Right now I have a 28mm f1.8 and a 70-200mm f4 IS with me. Two lenses, enough flexibility for anything.

A setup I love is having nothing but a 28mm or nothing but a 50mm. One perspective only. Very liberating.

If I really need a lot of variance, I'll get my 16-35mm, 50mm and 70-200mm. The only thing still missing at that point would be a macro lens.

I never carry all my four lenses. Its simply too redundant. At some point in the future (probably soon) I plan to get a second body (probably a Nikon D750) and then I'll save a lot of lens changes as well.

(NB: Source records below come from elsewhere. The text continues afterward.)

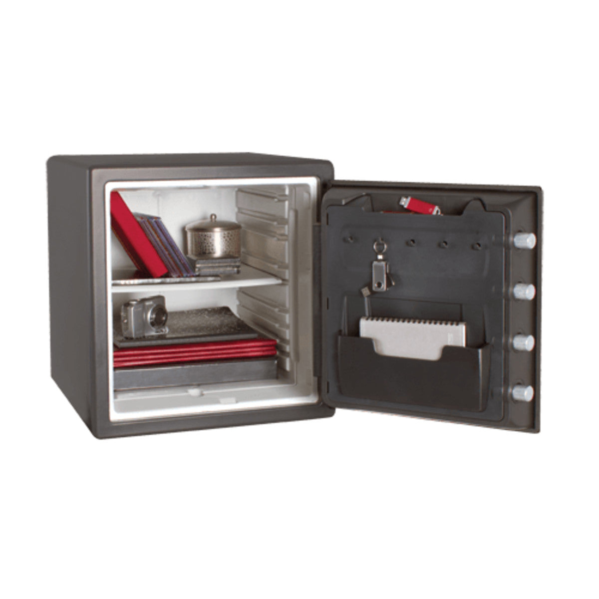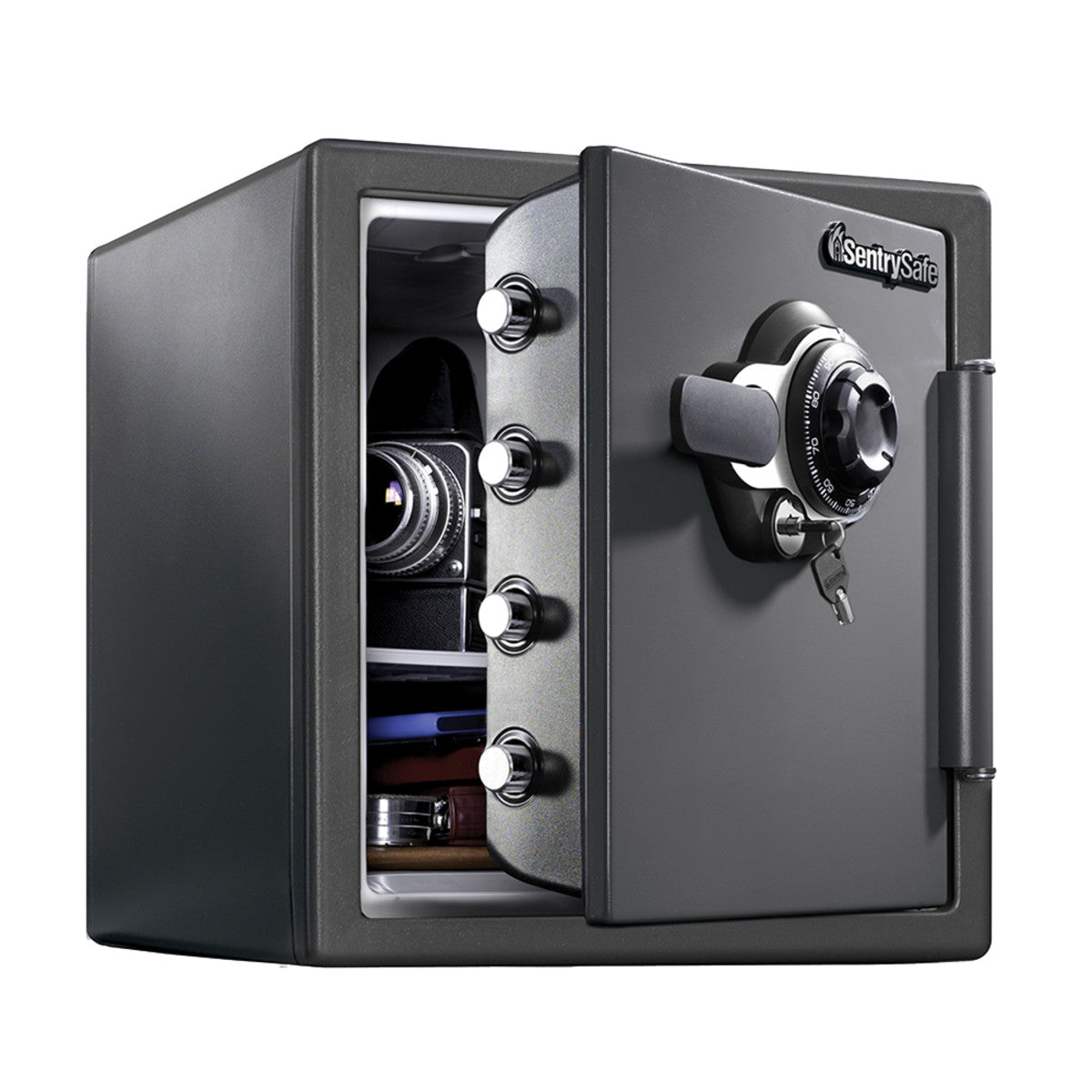 The SentrySafe Large Steel Fireproof Waterproof Safe with Combination Dial and Dual Key SFW123DSB is built for those who take ownership seriously. This waterproof fireproof safe is engineered to protect your most critical documents, digital media and valuables from fire, water and theft — without compromise. Its solid steel body and dual locking system form a barrier against forced entry. UL-classified to endure flames up to 1700°F for one hour and ETL-verified to resist water for 24 hours, this fireproof safe is ready for real-world disasters. Whether you're storing tax records, USB drives or family passports, this home safe keeps them secure and accessible. Inside, you’ll find an adjustable shelf, key rack and door pocket for organized storage. Outside, the pry-resistant hinge bar and bolt-down hardware add another layer of defense. This fire safe it stands for your commitment to protecting what matters.
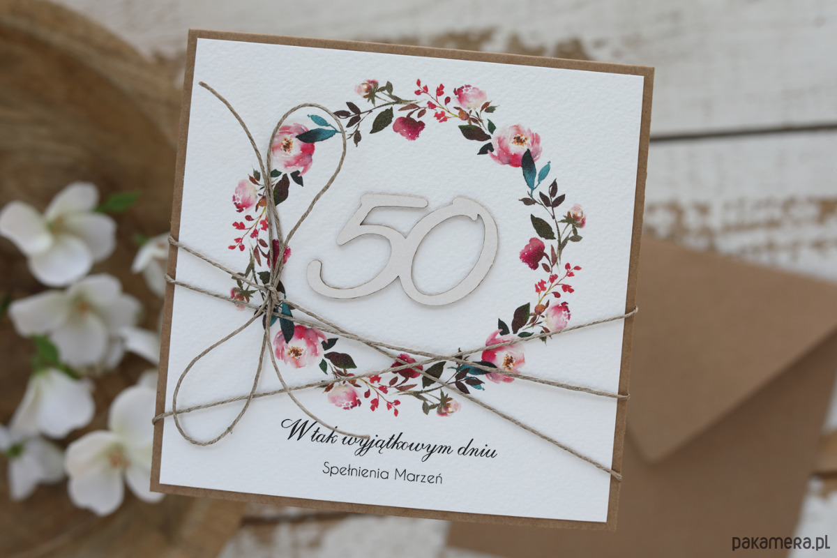 Przedmiotem oferty jest rustykalna kartka na 50 urodziny.
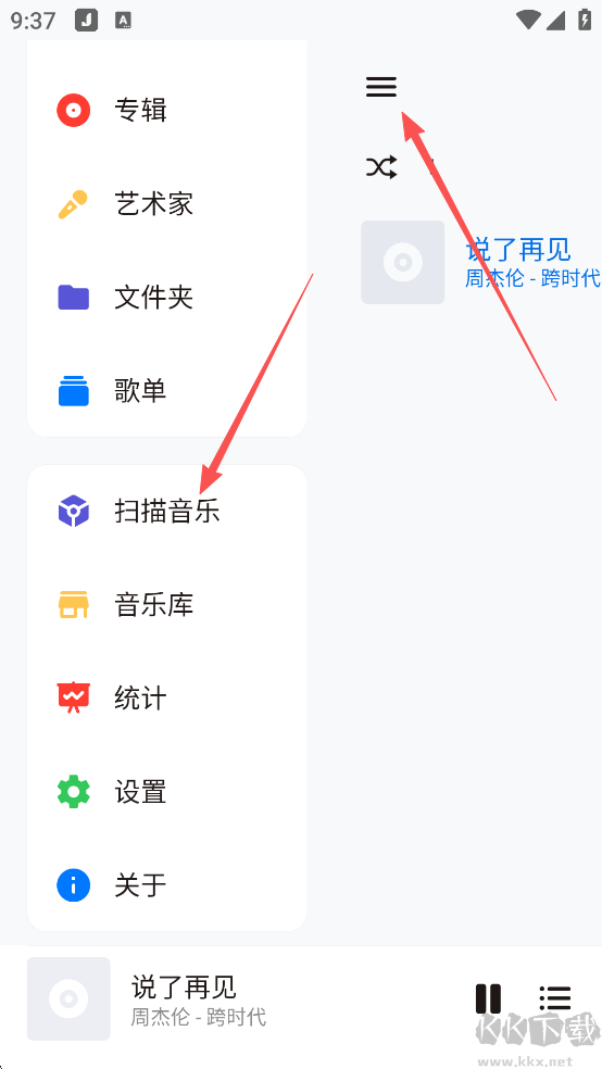 2、具備本地音樂掃描功能,自動識別手機存儲中的音頻文件,并按歌曲、歌手、專輯等方式分類整理;
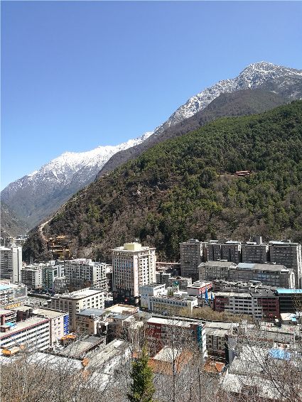 天空像剛被浸染的綢緞,蔚藍的主色已經(jīng)略顯;白雪好似從浸染的綢緞上滴落下的顏料與其它顏色的混合,眷戀的駐足在山尖,在其耳旁傾訴來年的約定;一顆顆萬年青穩(wěn)穩(wěn)的站立,將山中的寺廟、亭閣緊緊地包圍,見證著康定四季輪回的變化;依然披著秋冬贈予黃色外衣的樹木,拋開桎梏,堅守在一座座樓房旁。藍與白,黃與綠……這大美的晴天為人們帶來了別樣的視覺盛宴。
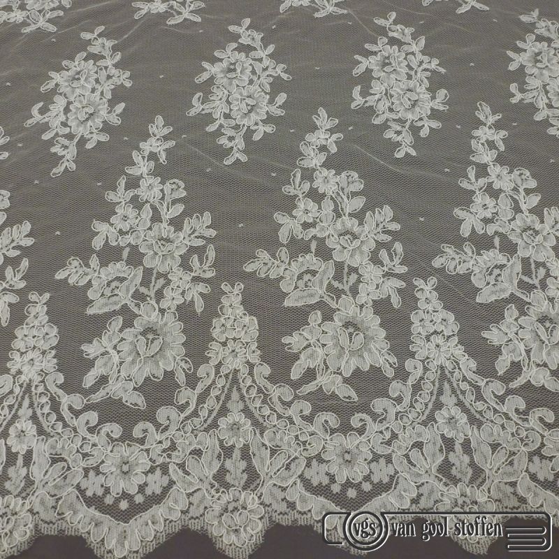 Bruidskant met kraaltjes en pareltjes ivory kleur 111
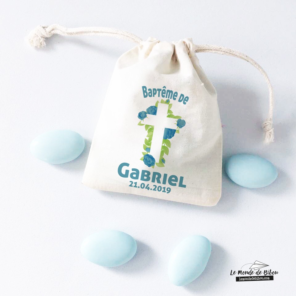 Ce ravissant petit Sac ballotin dragées Croix fleurie est personnalisable avec le prénom de l’enfant et la date de l’évènement. Le cadeau idéal à offrir à vos invités lors de votre évènement, que ce soit un Baptême, une Communion ou un anniversaire.

If I would ever switch to Sony FE (I dont think it will happen, but in case it does), I would get the 35mm f1.4 (at least if Steve Huff is right and this reaches or even beats even the famous Leica Summilux 35mm f1.4 FLE), the 90mm macro (at least if its also good) and hopefully a 21mm thats at least as good as the famous Fuji 14mm (which is a 21mm equivalent because Fuji X cameras use APS-C).


----------



## potownrob

I'd imagine the OP has either found a lens or given up on the A7 by now (let's hope not!!) but, in case he's still looking, for his needs, the A mount 24-70/2.8 with an adaptor might be his dream lens.  It's a Zeiss lens that gets mostly very good reviews:
Amazon.com Sony 24 -70mm f 2.8 Carl Zeiss Vario Sonnar T Zoom Lens for Sony Alpha Digital SLR Cameras Camera Lenses Camera Photo
Might want to upgrade the lens mount for this monster lens though... I know a quicker zoom would be big, but it's still too bad the only FE standard zooms out are f/4


----------



## mattpayne11

Solarflare said:


> If I really need a lot of variance, I'll get my 16-35mm, 50mm and 70-200mm. The only thing still missing at that point would be a macro lens.



This is my exact plan as well. I picked up the A7 II and the 16-35 already. I don't see myself needing much more than the 55 and the 70-200, but we'll see.


----------